Oncogenic microRNA: miR21 Signal Pathway unvealed

1. Background: miR-21

• miR-21 is one of the best-studied oncogenic microRNAs (“oncomiRs”).

• Like other miRNAs, it regulates gene expression post-transcriptionally.

• Mechanism: It binds to complementary sequences in the 3′-UTR of target mRNAs → leads to either mRNA degradation or translation inhibition.

• Its targets are mostly tumor suppressor genes, phosphatases, and pro-apoptotic proteins.

2. DUSP8 (Dual Specificity Phosphatase 8)

• DUSP8 is a MAPK phosphatase.

• It dephosphorylates and inactivates MAP kinases, especially:

  • JNK (c-Jun N-terminal kinase)

  • p38 MAPK

• By doing this, DUSP8 acts as a negative regulator of MAPK signaling, which is central to stress response, proliferation, and apoptosis.

3. Molecular Interaction: miR-21 → DUSP8

• miR-21 directly binds to the 3′-UTR of DUSP8 mRNA.

• This results in:

  • Suppression of DUSP8 expression (reduced protein levels).

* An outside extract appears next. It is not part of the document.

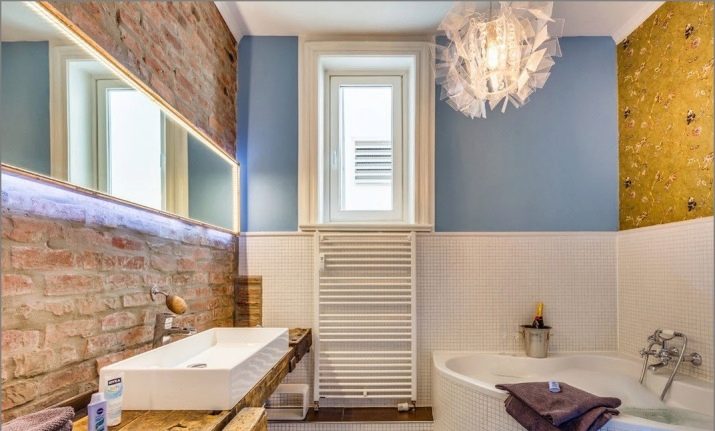 يتضمن الحمام استخدام البلاط حصريًا ، ولكن ليس من نوع واحد ، ولكن مع مجموعة متنوعة من القوام والأشكال. الفسيفساء مناسبة لإنهاء كامل سطح الجدران وكعنصر مشرق. غالبًا ما تكون لوحة الألوان للغرف ذات الإضاءة الطبيعية الجيدة باردة ، على سبيل المثال ، يتم استخدام اللون الأزرق بشكل نشط. في حالات أخرى ، يتم استكمال التصميم الداخلي بعناصر زخرفية بألوان دافئة. يجب اختيار المجموعة بعناية فائقة.

  • Loss of phosphatase activity against JNK/p38 MAPKs.

4. Pathway Consequences

• With less DUSP8, the JNK and p38 MAPK pathways remain phosphorylated (active).

• Outcomes:

  • Enhanced cell proliferation (due to sustained MAPK signaling).

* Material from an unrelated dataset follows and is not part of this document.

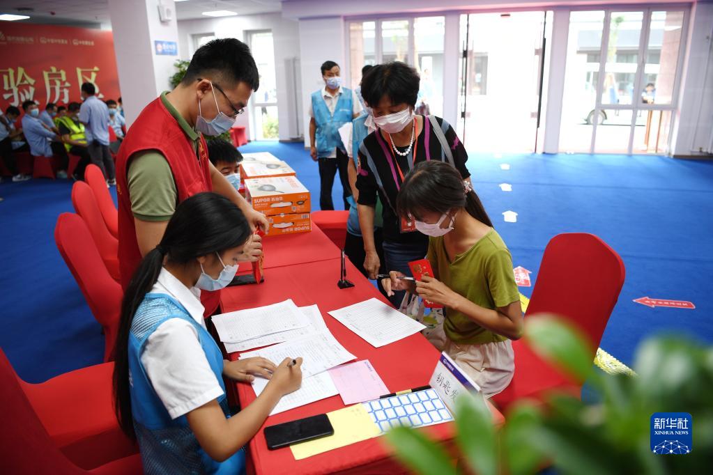 8月26日,回遷居民在雄安新區雄東片區A單元安置房交付點(diǎn)領(lǐng)取鑰匙。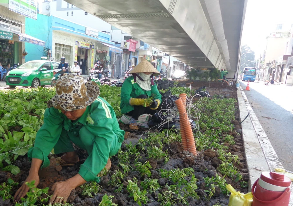 Dải phân cách, bồn hoa, cây cảnh bên dưới dạ nhánh cầu vượt được trồng tạo môi trường xanh cho khu vực.

  • Reduced apoptosis (as JNK/p38 balance is shifted).

  • Tumor progression, invasion, and chemoresistance in many cancers (glioblastoma, breast, gastric, etc.).

5. Simplified Flow

miR-21 ↑ → binds DUSP8 mRNA 3′-UTR → DUSP8 ↓ 
→ JNK/p38 MAPK dephosphorylation blocked → JNK/p38 stay active 
→ proliferation ↑, apoptosis ↓ → oncogenesis

✅ So, miR-21 acts like a brake-remover: by silencing DUSP8, it prevents the “off-switch” for stress-activated MAPKs, leading to unchecked cancer cell signaling.